Issue date: 16 December 2013

Associate Professor Mandy Rose from UWE Bristol has been selected as the only UK founding curator of MIT Open Documentary Lab's _docubase.

The platform was launched two weeks ago and holds over 140 interactive documentaries from around the world. Each curator has written a statement in relation to the collection and created a playlist highlighting their recommended projects.

Mandy, who led ground-breaking participatory media projects for the BBC including the Mass Observation-inspired camcorder project, Video Nation (1994-2000), is director of UWE's Digital Cultures Research Centre (DCRC).

Mandy said, “The invitation to be one of the founding curators is a great honour. The work of MIT's Open Doc Lab has much in common with my own research and that of the DCRC in the way we are considering the changes happening in documentary making now.

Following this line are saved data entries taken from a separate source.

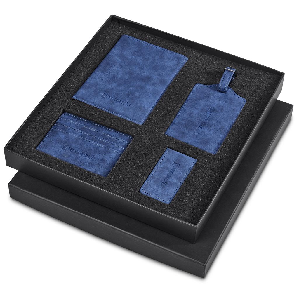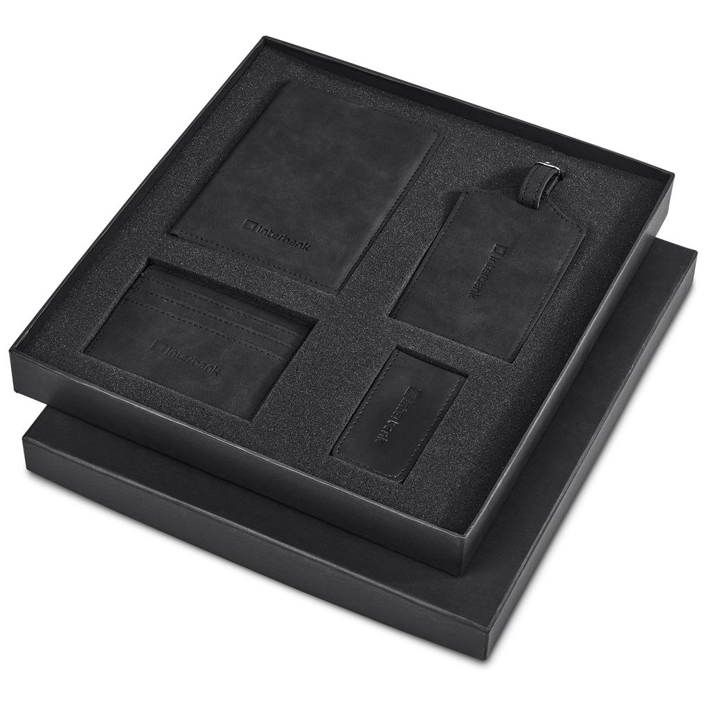 This practical Serendipio Tourist Travel Set helps clients and staff stay organised on trips. It includes a brushed PU passport holder, luggage tag, card holder, and money clip. The set is a thoughtful promotional gift, presented in a black gift box.
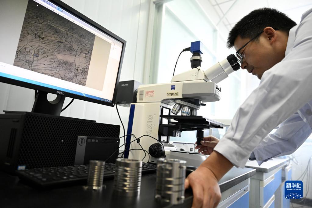 4月19日,在中科院合肥物質科學研究院,固體物理研究所內耗與固體缺陷研究部實驗師劉旺利用光學顯微鏡分析阻尼合金的微觀界面結構。
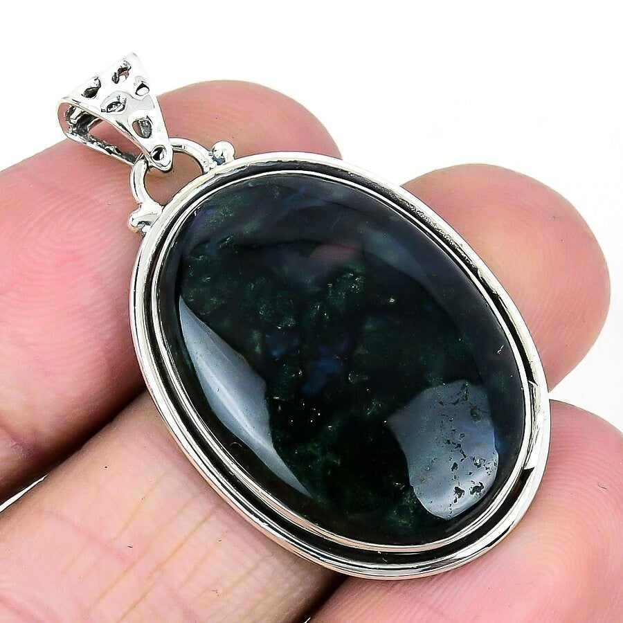 Moss Agate Stone 925 Sterling Silver Ethnic Elegant Birthday New Pendant Jewelry
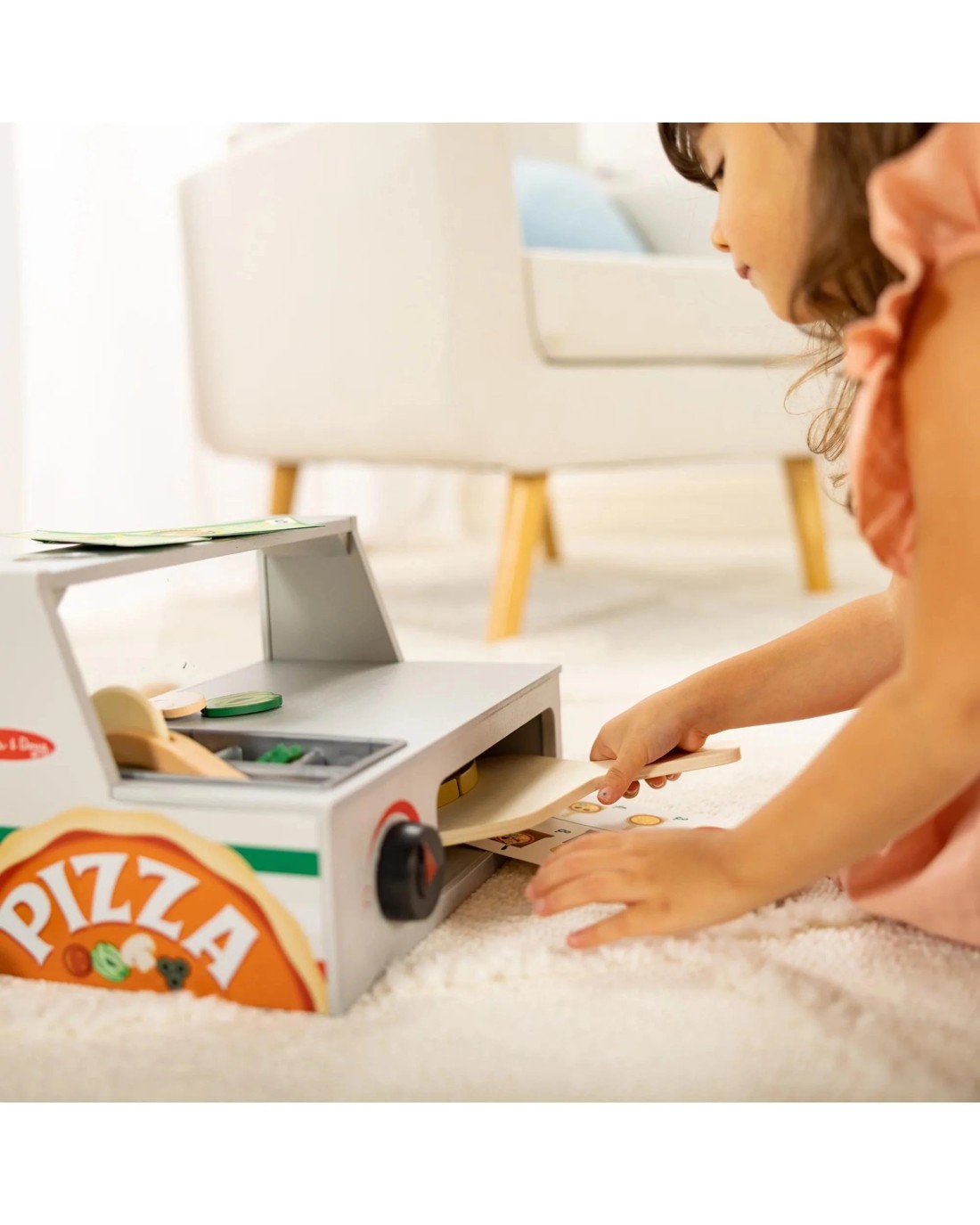 - Create made-the-way-you-like-it pretend pizza with 41-piece wooden play pizza-making set with counter/pizza oven
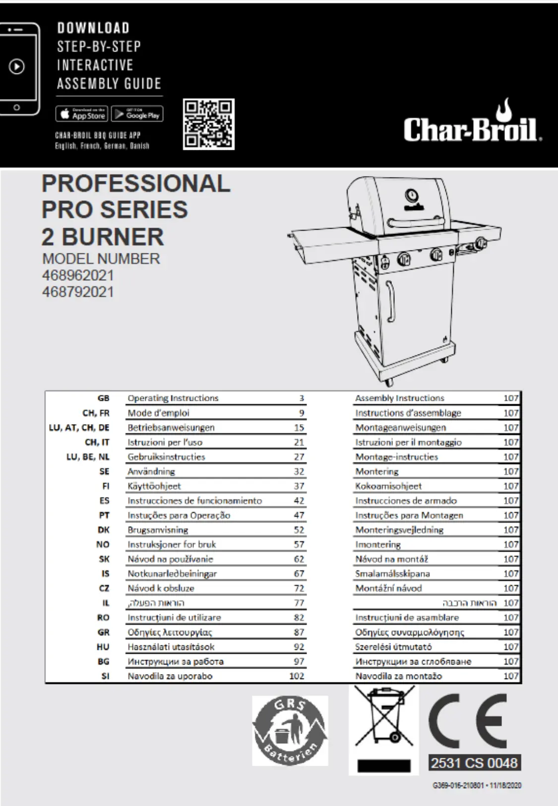 Retrouvez gratuitement la notice de l'appareil PRO INOX S2 - 468962021 - 468792021 CHAR BROIL au format PDF.
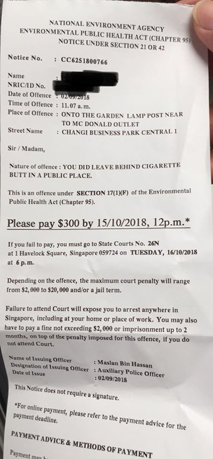 Trong khi anh Cường gặp sự cố khi mới đặt chân đến đảo quốc sư tử, rắc rối chỉ xảy đến Randy Nguyễn (TP HCM) vào ngày cuối cùng của chuyến đi. Ngày 2/9, trên đường ra sân bay về nước, Randy và bạn bè ghé qua Expo Outlet. Tranh thủ khi mọi người mua sắm, một thành viên trong nhóm ra khu vực hút thuốc. Tuy nhiên, anh sơ ý để rơi đầu lọc thuốc lá ra ngoài. Lúc đó, hai cảnh sát mặc thường phục đã quay video làm bằng chứng và ghi phiếu phạt 300 SGD (5,1 triệu đồng). Cảnh sát scan hộ chiếu và gửi phiếu phạt, du khách phải nộp tiền sau đó 3 ngày.
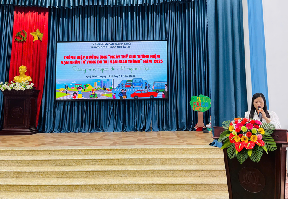 Cô Nguyễn Thị Mơ – tổng phụ trách Đội gửi tới các em học sinh thông điệp hưởng ứng : “Ngày thế giới tưởng niệm các nạn nhân tử vong do tai nạn giao thông”.

“These include being able to interact with a documentary on a computer – the classic definition of interaction – as well as other changes that are making documentaries more open - participation in making content, the role of crowdfunding, and the emergence of open rights frameworks. The i-Docs website which DCRC publishes is a leading resource in this field.”

The MIT _docubase platform will grow and develop as more curators join in and contribute their playlists of projects.

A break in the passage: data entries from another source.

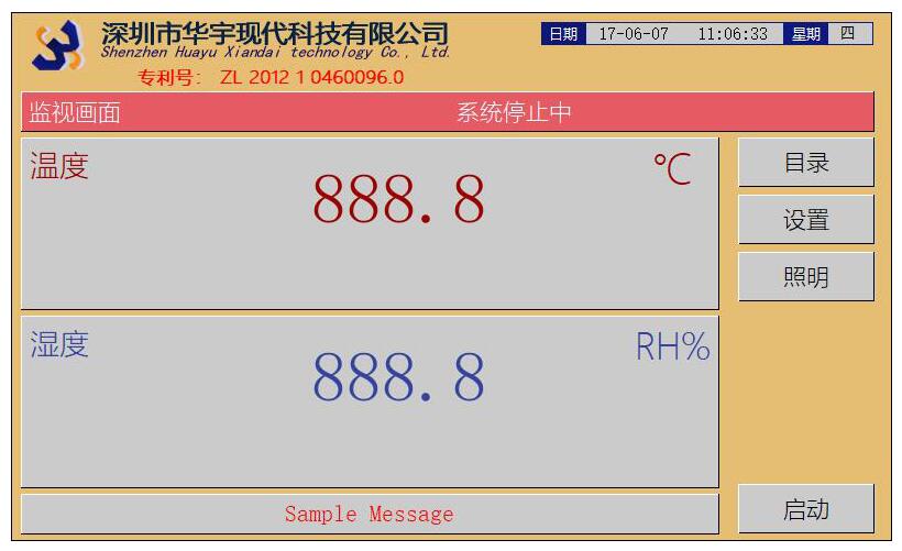 監(jiān)視畫面:主要顯示當(dāng)前箱體的溫度以及濕度。
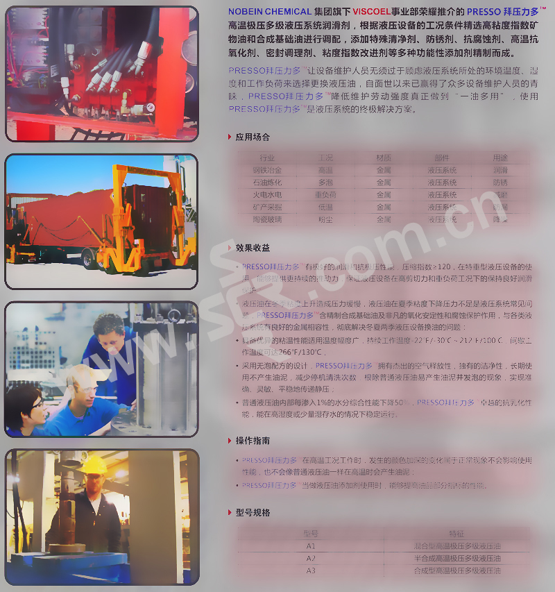 ·高温极压多级液压系统润滑剂,根据液压设备的工况条件精选高粘度指数矿物油和合成基础油进行调配,添加特殊清净剂、防锈剂、抗腐蚀剂、高温抗氧化剂、密封调理剂、粘度指数改进剂等多种功能性添加剂精制而成。·让设备维护人员无须过于顾虑液压系统所处的环境温度、湿度和工作负荷来选择更换液压油,自面世以来已赢得了众多设备维护人员的青睐,降低维护劳动强度真正做到“一油多用”的综合解决方案。
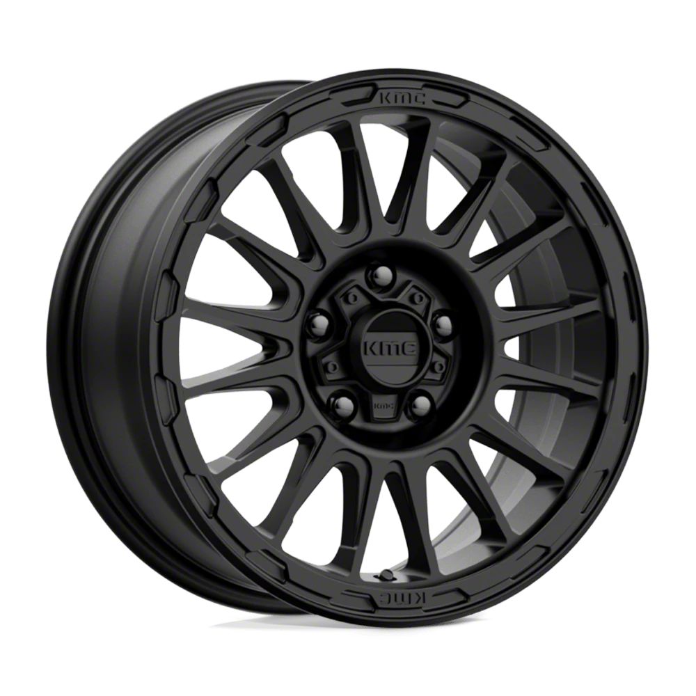 KMC Impact Satin Black Wheel; 16x7 The KMC Impact Satin Black Wheel combines a sleek, sophisticated design with premium construction that enhances the visual appeal and complements a wide range of vehicle styles. This wheel is perfect for those seeking to make a bold statement while maintaining elegance and robustness.
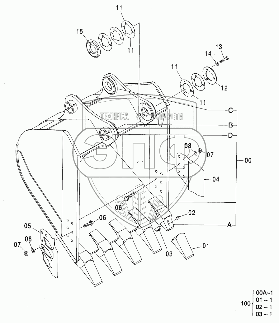 Каталог запасных частей к технике: Hitachi ZX-270. BUCKET 1.1 JIS 94

Mandy's research into the intersection between documentary and networked culture is reflected in her CollabDocs blog. As well as the Video Nation project, she devised and produced the pioneering UK digital storytelling project, Capture Wales (2001-2007), and interactive projects including My Science Fiction Life (2007) and the “Are you happy?” project (2013).

Are you happy”is included in the MIT _docubase. The project was inspired by a 1961 documentary in which people on the streets of Paris were asked the simple question, "Are you happy?"

Mandy said, “Fifty years ago, Jean Rouch and Edgar Morin made Chronicle of a Summer, a ground-breaking documentary using the new technology of the day — handheld cameras and sync sound — to look at the 'tribe of people living in Paris'.

“Half a century later, Are you happy? is finding out what happens when we probe the complexities of modern life by asking the same question in the global environment of the web.”

MIT will also be collaborating with the i-Docs 2014 Symposium which Mandy is co-convening at the Watershed at Bristol next year on 20 and 21 March.